How do we secure massive, complex supply chains without slowing your developers down to a crawl? This talk provides a simple preview to Red Hat’s Trusted Software Supply Chain, based on three pillars: Transparency through the Trusted Profile Analyzer; Identity, thanks to the Trusted Artifact Signer; and Guardrails, with the Advanced Cluster Security for Kubernetes.
Talk presented at the 2026 Red Hat Summit Connect Switzerland event on January 14th, 2026.
Introduction
Welcome to this presentation titled “What’s in your Container? Securing the Supply Chain without Slowing Down”. This talk was first presented at the 2026 Red Hat Summit Connect Switzerland event in January 14th, 2026.
My name is Adrian Kosmaczewski, and I am a Senior Architect at Red Hat Switzerland.
The “Black Box” Problem
Let us talk about the “Black Box” problem.
Imagine, for a moment, that you walk into a grocery store to buy a frozen lasagna for your family dinner. You pick up the box from the freezer aisle. You toss it in your cart. You trust it. You assume the meat isn’t spoiled. You assume the factory where it was made followed strict health codes.
You assume that the list of ingredients printed on the back (flour, tomatoes, beef, etc.) is actually what is inside the box. You trust the supply chain implicitly because there are regulations and checks in place to keep you safe.
Now, let’s pivot and look at how we build software today.
Modern software development has fundamentally changed. We don’t really “write” code from scratch anymore; we assemble it. We are manufacturing applications on an industrial scale. We take a database from here, a web framework from there, an authentication library from somewhere else, and we glue it all together with a thin layer of our own business logic.
The data backs this up. According to the latest “Open Source Security and Risk Analysis Report” by Synopsys, 96% of all commercial codebases contain open source components. Furthermore, 84% of those codebases contain at least one known vulnerability. We aren’t just using a little bit of open source; our applications are essentially composed of it.
This is fantastic for speed. It allows us to innovate at a pace that was impossible ten years ago. It’s why startups can disrupt giants. But it is absolutely terrifying for security.
Because right now, for most companies, that “frozen lasagna” of software has no ingredients list. It has no seal of authenticity. We are effectively taking binary blobs from the internet (from strangers we have never met, using handles we don’t recognize) and running them in the heart of our sovereign infrastructure. We are downloading packages from NPM, or PyPi, or Docker Hub, often without a second thought.
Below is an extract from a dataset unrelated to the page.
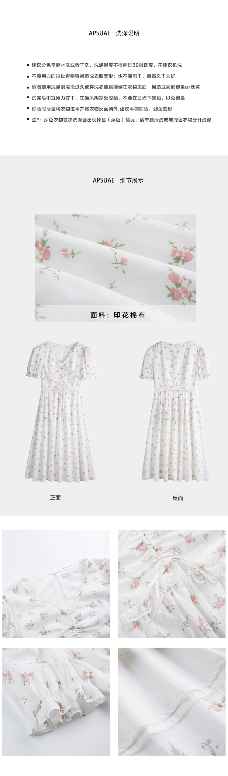 白水女 白色碎花初戀連衣裙女夏氣質薄款設計感蕾絲邊v領桔梗長裙

Consider the phenomenon of “Typosquatting.” An attacker notices that your developers use a popular python library called requests. So, the attacker uploads a malicious library called requessts (with an extra “s”) containing malware. One tired developer makes one typo in a configuration file, and suddenly, you have just invited a trojan horse into your production environment.
We have seen exactly what happens when this goes wrong. We all remember the absolute chaos of Log4j. It wasn’t just a bug; it was a systemic failure. It was a tiny logging library, maintained by volunteers, buried five layers deep in the dependency tree of almost every enterprise Java application in the world. When the vulnerability broke, Chief Security Officers didn’t even know if they were affected or not! They had to scan thousands of servers manually because they didn’t have an inventory.
And let’s not forget SolarWinds. That was a pivotal moment. The attackers realized they don’t need to spend months trying to break into your firewall if they can just poison the water supply. They didn’t attack the customers directly; they injected malicious code into the build system of the vendor. They compromised the factory so that every product leaving the assembly line was pre-infected.
The question we need to answer today is simple, but it is deeply uncomfortable for most IT leaders: Do you actually know what is running in your cluster right now?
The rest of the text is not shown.